Die aktuellen Entwicklungen, die die moderne Gesellschaft bedrohen, sind durch eine radikale Änderung der dominanten Kommunikationsform der Gesellschaft bedingt. Sie betreffen gewissermaßen die DNA der modernen Gesellschaft.
Bislang zeichnete sich die Form der Kommunikation dadurch aus, dass sie Personalität und Moralität de-privilegierte und stattdessen einen Fokus auf Leistungsfähigkeit und Sachlichkeit – konkret mit Blick auf die spezialisierte Autonomie von Funktionssystemen wie Politik, Wirtschaft, Wissenschaft, Religion, Massenmedien oder Kunst – privilegierte. Die Dominanz der sozialen Medien kehrt dieses Verhältnis um: Sie privilegiert auf Kosten der Sachlichkeit einen moralisch aufgeladenen Fokus auf die Persönlichkeit.

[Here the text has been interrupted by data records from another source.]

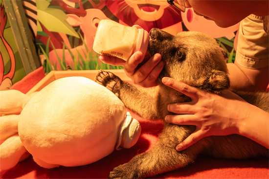 经过一个多月的“休养”,在育幼员和兽医们的保驾护航下,小棕熊现在已经是动物幼儿园这一届食量第一的“小朋友”了。它现在一顿能喝125克奶,育幼员们还会逐步给它增添一些好消化的食物作为辅食,比如新鲜的苹果泥等。
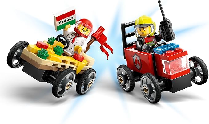 Prepare-se para a corrida mais inusitada da cidade com o LEGO City: Carro de Pizza vs. Caminhão de Bombeiros (60458)! Este conjunto criativo é o presente ideal para pequenos fãs de velocidade a partir de 5 anos, trazendo dois carros de corrida estilo "caixa de sabão" com designs hilários e cheios de personalidade.
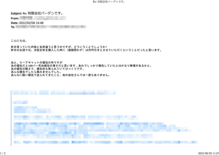 26枚目/27枚中 動物研究家・パンク町田の惨すぎる“動物ビジネス”を元従業員が告発 「ケージは糞まみれで、カピバラが次々死んで…」 社会2025年09月01日 亡くなった状態で到着したミーアキャットの梱包に苦情を述べる顧客からのメール 0
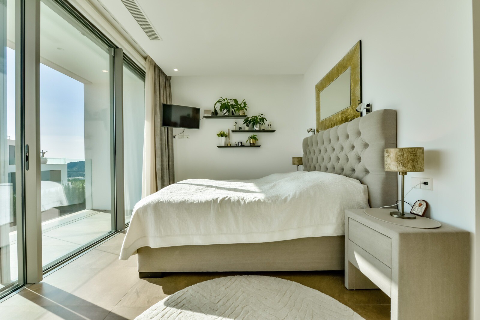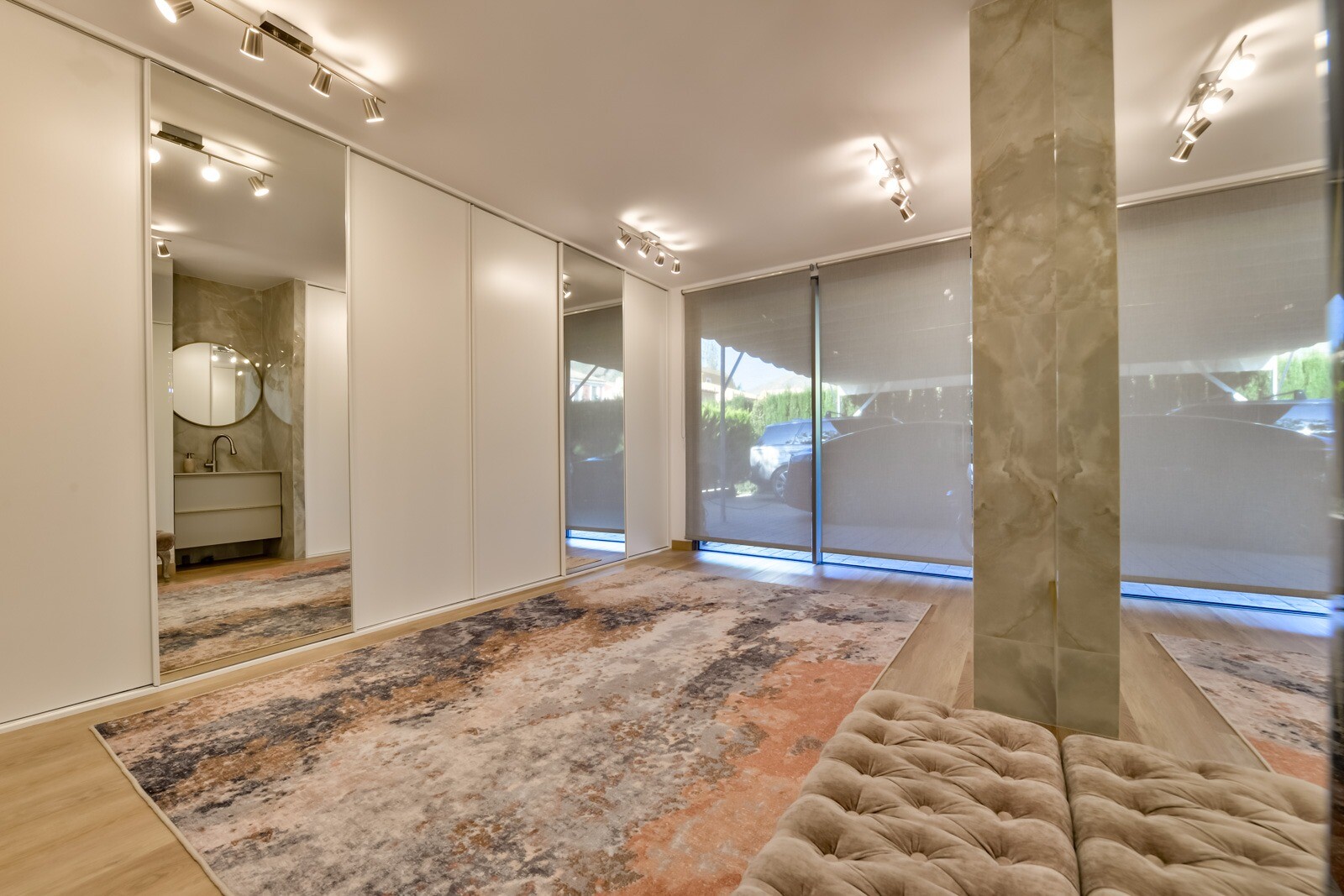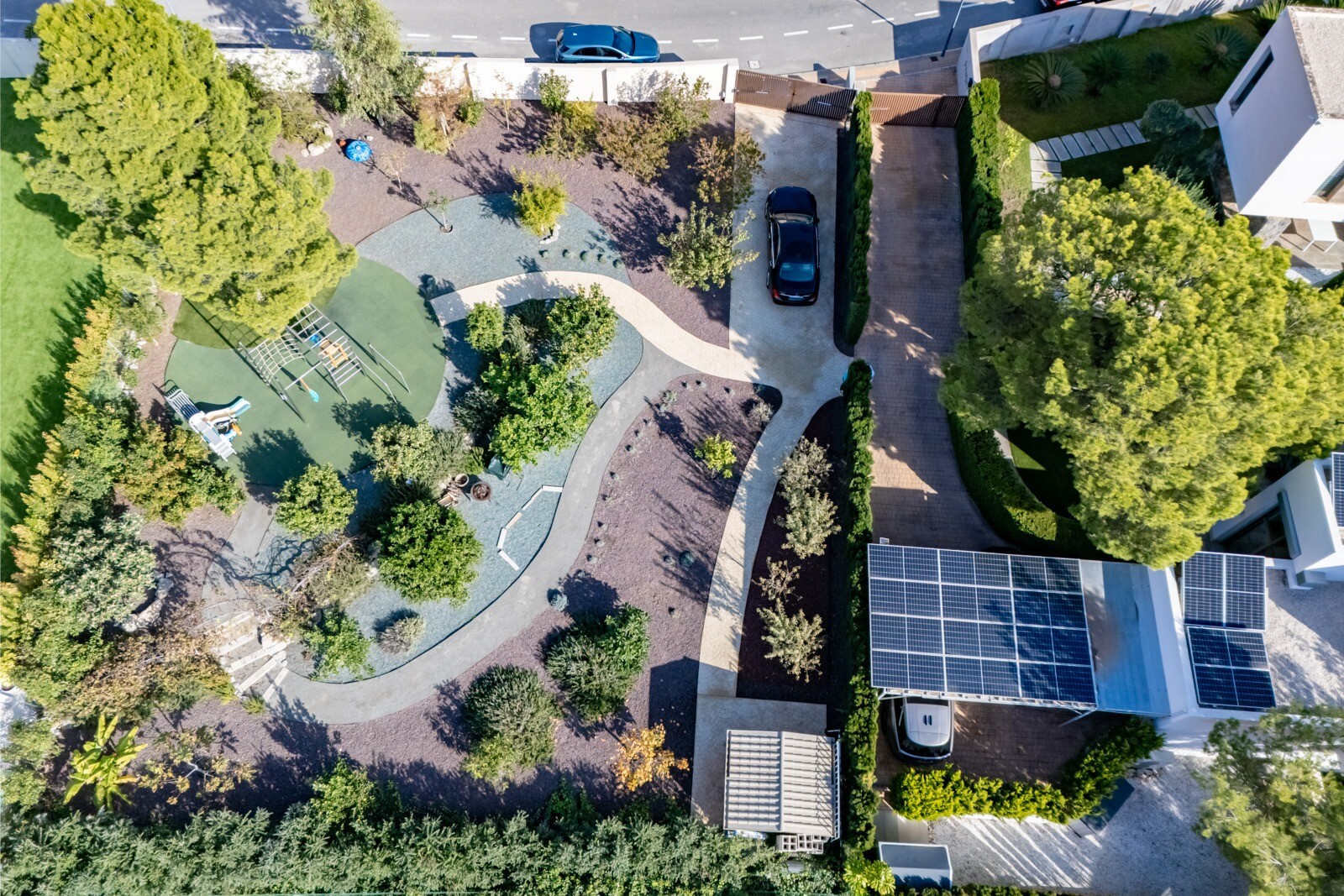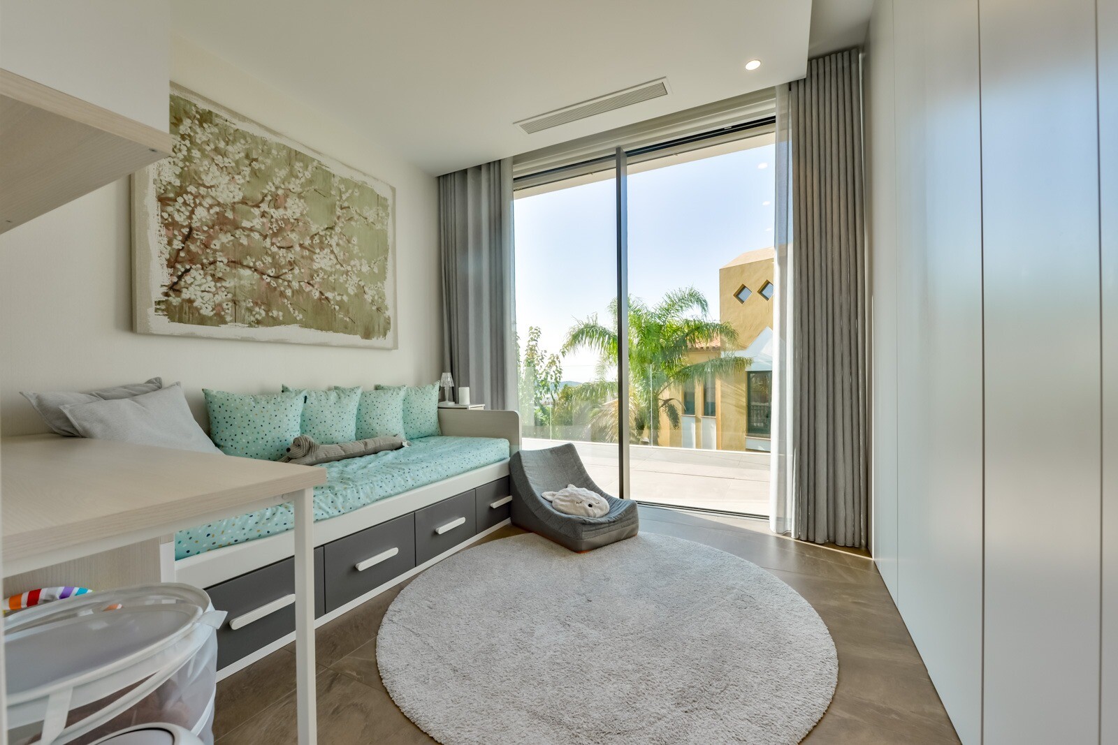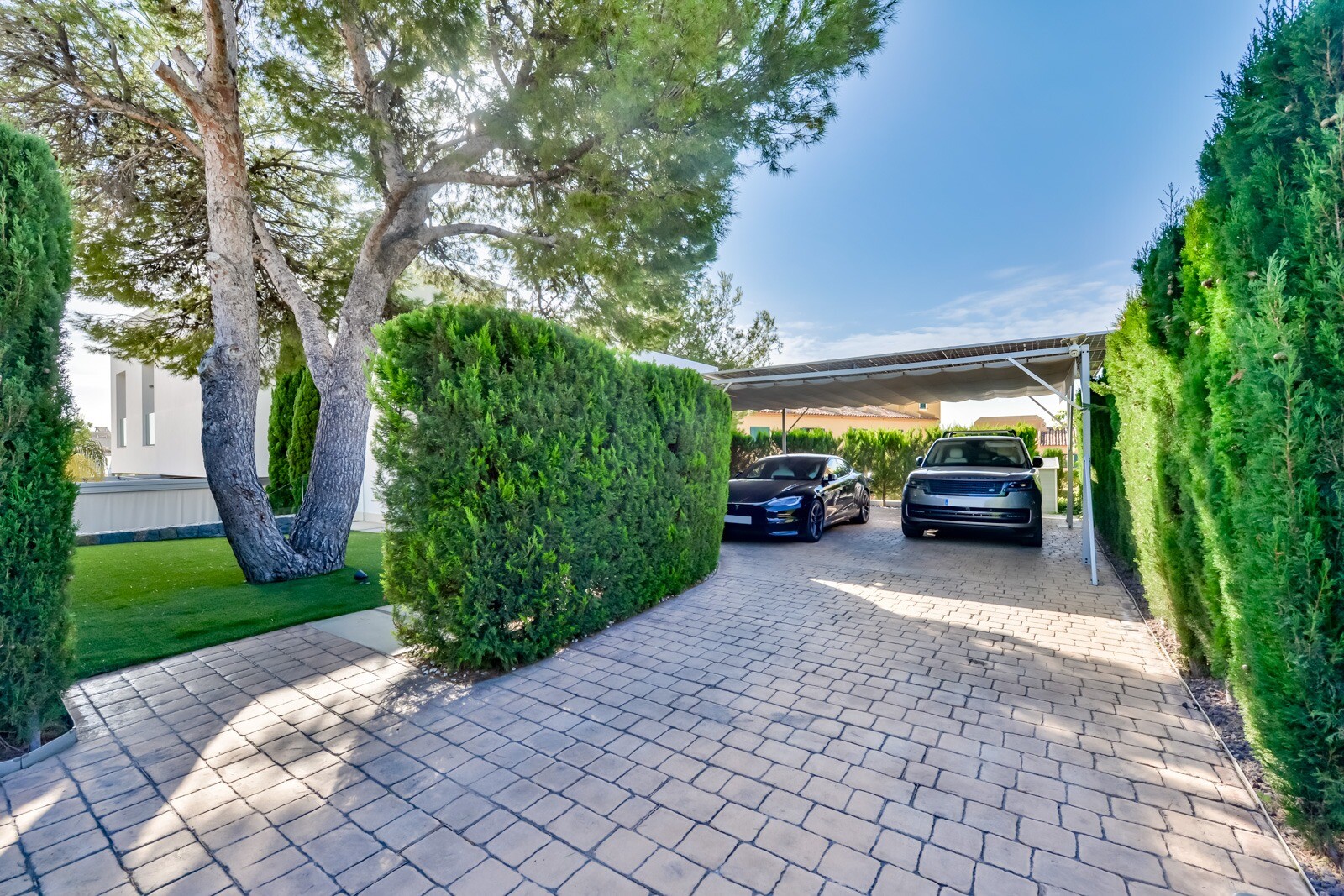 A magnificent house in a prestigious urbanization with absolutely everything to live or relax in a privileged location. The 800 m2 plot is accessed through a covered parking lot and garage. There is the possibility of purchasing the villa with a 700 m2 plot, with an adjoining garden with fruit trees and a children's sports center, in which case the... villa would cost 1,820,000 euros. The 379 m2 house has: On the ground floor. a large living room with direct access to the pool and a large open-plan kitchen, comfortable for the owners of the house. From this floor there is access to the pool and the covered summer terrace/kitchen, covered on the sides with fabric, in winter it becomes a cozy place, it can also be used for barbecues. Going up the internal stairs to the upper floor we see the master bedroom with open sea views, equipped with an en-suite bathroom, dressing room and private terrace. There are also 2 more bedrooms with built-in wardrobes, a large terrace and a bathroom. The basement has natural light that floods the English patio and the stairs leading to the plot, there are two large bedrooms and space for a gym with sauna and bathroom. The house has home automation, underfloor heating, ducted air conditioning and automatic blinds. There are solar panels on the roof of the house and in the parking lot.

Versteht man die Gesellschaft als Organismus, dessen funktionale Differenzierung den organisch separierten Sphären dieses Lebewesens entspricht, dann erscheinen die Nutzerprofile in ihrer Vielzahl wie schon weit gestreute Metastasen, die die organische bzw. funktionale Differenzierung auflösen bzw. korrumpieren.
Oder, nochmals anders gewendet: Die Selbstheilungskräfte der modernen Form der Gesellschaft konnten noch problemlos mit dem flüchtigen und fallweisen Auftreten von Stammtischen in ihrer körperlichen Präsenz fertig werden.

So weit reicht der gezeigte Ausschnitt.